Changing numbers in the above situations is relatively routine. However, since many identity theft cases involve the Social Security number, some victims express a desire to apply for a new number. While it might seem to be a logical step, getting a new Social Security number is fraught with consequences, not always apparent at the beginning.

The Facts:
  • Your original SSN will remain assigned to you and linked through Social Security Administration (SSA) computer systems to the new number. SSA does not void, delete or cancel SSNs.
  • When SSA assigns you a new SSN because of significant misuse and disadvantage of your SSN, a different indicator will be placed on your prior SSN record. The new SSN will be cross-referenced to the old number for tracking purposes for SSA and IRS governmental purposes only.
  • Ask for a letter from the SSA explaining that they have issued you a new SSN. This letter needs to state you will no longer be using the old number and start referring to the original number. This is a critically important document when you are changing everything else over.
  • When SSA determines that the same SSN was accidentally assigned to two different people, and consequently assigns a new number to one of these individuals, the numbers are not cross-referenced.

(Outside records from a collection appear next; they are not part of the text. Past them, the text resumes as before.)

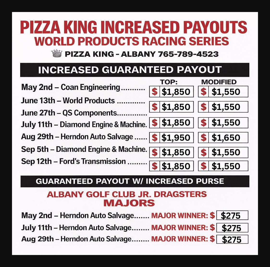 Coan Engineering INCREASED Purse… Herndon Auto Salvage INCREASED Junior Purse… World Products Racing Series… Full Racing Program
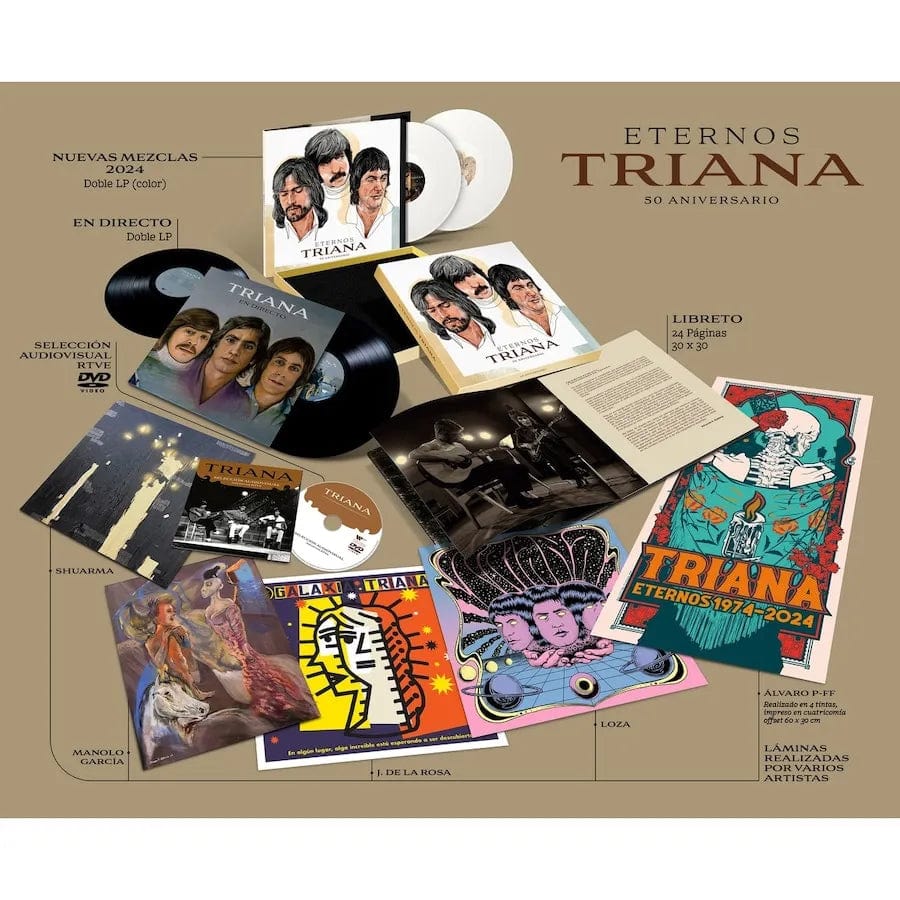 Y también, gracias a los archivos de RTVE, se edita un doble LP en directo, que contiene actuaciones grabadas en 1980 y 1975, en los estudios de RTVE, y que nunca habían visto la luz discograficamente hasta ahora. Para seguir descubriendo estos tesoros de los archivos de RTVE, se incluye también un DVD con una selección de sus mejores actuaciones o programas míticos como 'Popgrama', donde se ha restaurado la imagen consiguiendo una calidad destacable. Un libreto de 24 páginas ilustra su historia con cantidad de fotos inéditas cedidas especialmente por Máximo Moreno, y textos de periodistas y músicos que acompañaron a Triana en su carrera. También artistas como Shuarma de Elefantes, Manolo García, Loza (del grupo Calizo) o Javier de la Rosa de Milicia Gráfica, ofrecen su arte plasmado en 4 láminas de 30x30 cm con su visión de Triana en este aniversario. Y el poster diseñado por Álvaro Pérez Fajardo a 30x60cm completa el contenido de esta caja de lujo, que es una obra imprescindible.
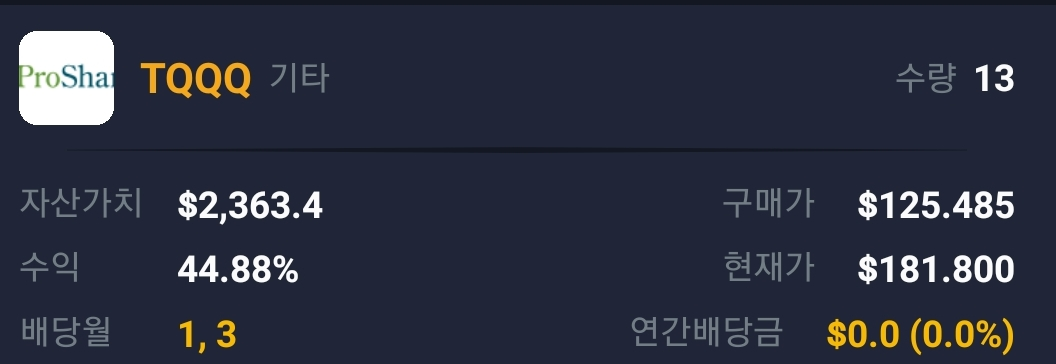 두번째는 QQQ 움직임의 3배를 추종하는 TQQQ입니다. 한국에선 2배짜리 레버리지도 난리를 피는데 이건 무려 3배짜립니다. 만약에 하루에 QQQ가 -33%가 된다면 TQQQ는 전부 휴지조각이 되버릴 수도 있는 무서운 주식이죠. 그래서 180만원 정도의 금액만 투자했고 현재 260만원 정도가 되었습니다.
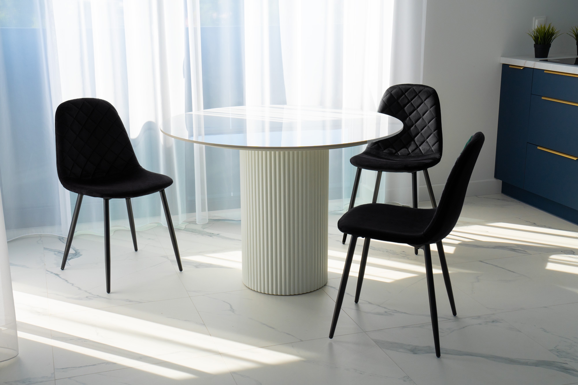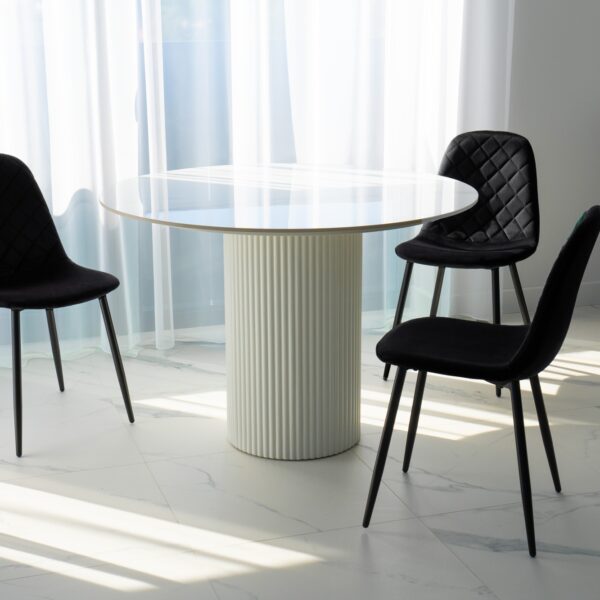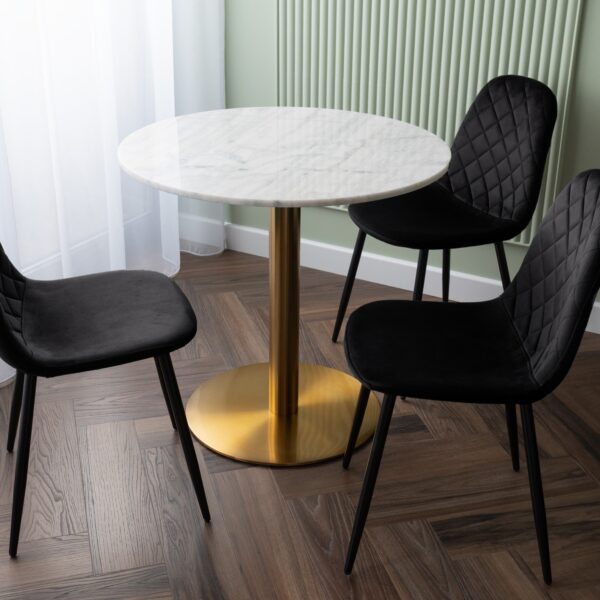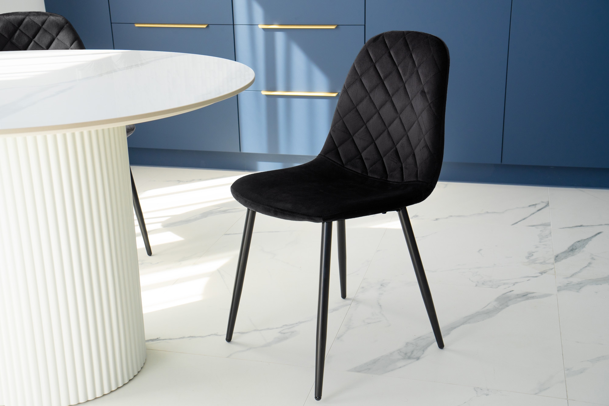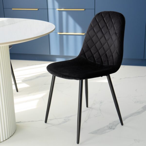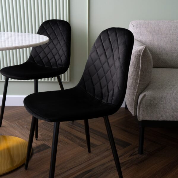 Unikalne krzesło Orlando wyróżnia się nowoczesnym designem i nietuzinkowym połączeniem miękkiego weluru oraz metalowych nóg. Wykonane z najwyższej jakości materiałów, z dbałością o każdy detal, z pewnością przyciągnie uwagę swoim geometrycznym, pikowanym wzorem w kształcie rombów. Krzesło Orlando to nie tylko designerski element dekoracyjny, ale także bardzo wygodne meble, idealne do nowoczesnych wnętrz w stylu loftowym i nowoczesnym. Doskonale sprawdzi się w salonach, restauracjach, ekskluzywnych sklepach, salonach kosmetycznych/fryzjerskich, eleganckich biurach czy punktach informacyjnych. Połączenie weluru i metalowych nóg doda pomieszczeniu nutę elegancji i niepowtarzalnego charakteru.

  • Keep in mind that a new number probably will not solve all your problems. This is because other governmental agencies (such as the IRS and state motor vehicle agencies) and private businesses (such as banks and credit reporting companies) likely will have records under your old number. Also, because credit reporting companies use the number, along with other personal information, to identify your credit record, using a new number will not guarantee you a fresh start. This is especially true if your additional personal information, such as your name and address, remains the same. The following are examples of some, but not all, such agencies/organizations: Internal Revenue Service (IRS); Banks; Departments of Motor Vehicles; insurance companies, especially health insurance companies; schools, universities, and colleges; credit bureaus; other Federal and State agencies; and the military.
  • Medicare and Medicaid Credit bureaus use the SSN in conjunction with other information (for example, the individual's name, year of birth, address(es), and spouse's name) to identify a record. When the individual uses a new SSN, he/she is not guaranteed a fresh start, mainly if the other identifiers remain the same. NOTE: A credit bureau may combine the credit records from the old SSN with those from the new SSN.
  • In the case of identity theft, a new SSN may actually create new problems. The absence of any credit history under the new SSN may make it more difficult for an individual to get credit, continue college, rent an apartment, buy a big-ticket item, open a bank account, get health insurance or get a job.
It is a monstrous challenge that would take a phased-in approach to develop and implement a national ID system with the goal of perhaps incorporating all access rights and privileges. Some countries around the world have implemented compulsory ID systems, yet the United States is a laggard and is suffering the consequences both from a physical and information security perspectives.
In my view, a national ID system is of strategic importance to safeguard our most vital asset, its legal citizens, and their identities from being compromised.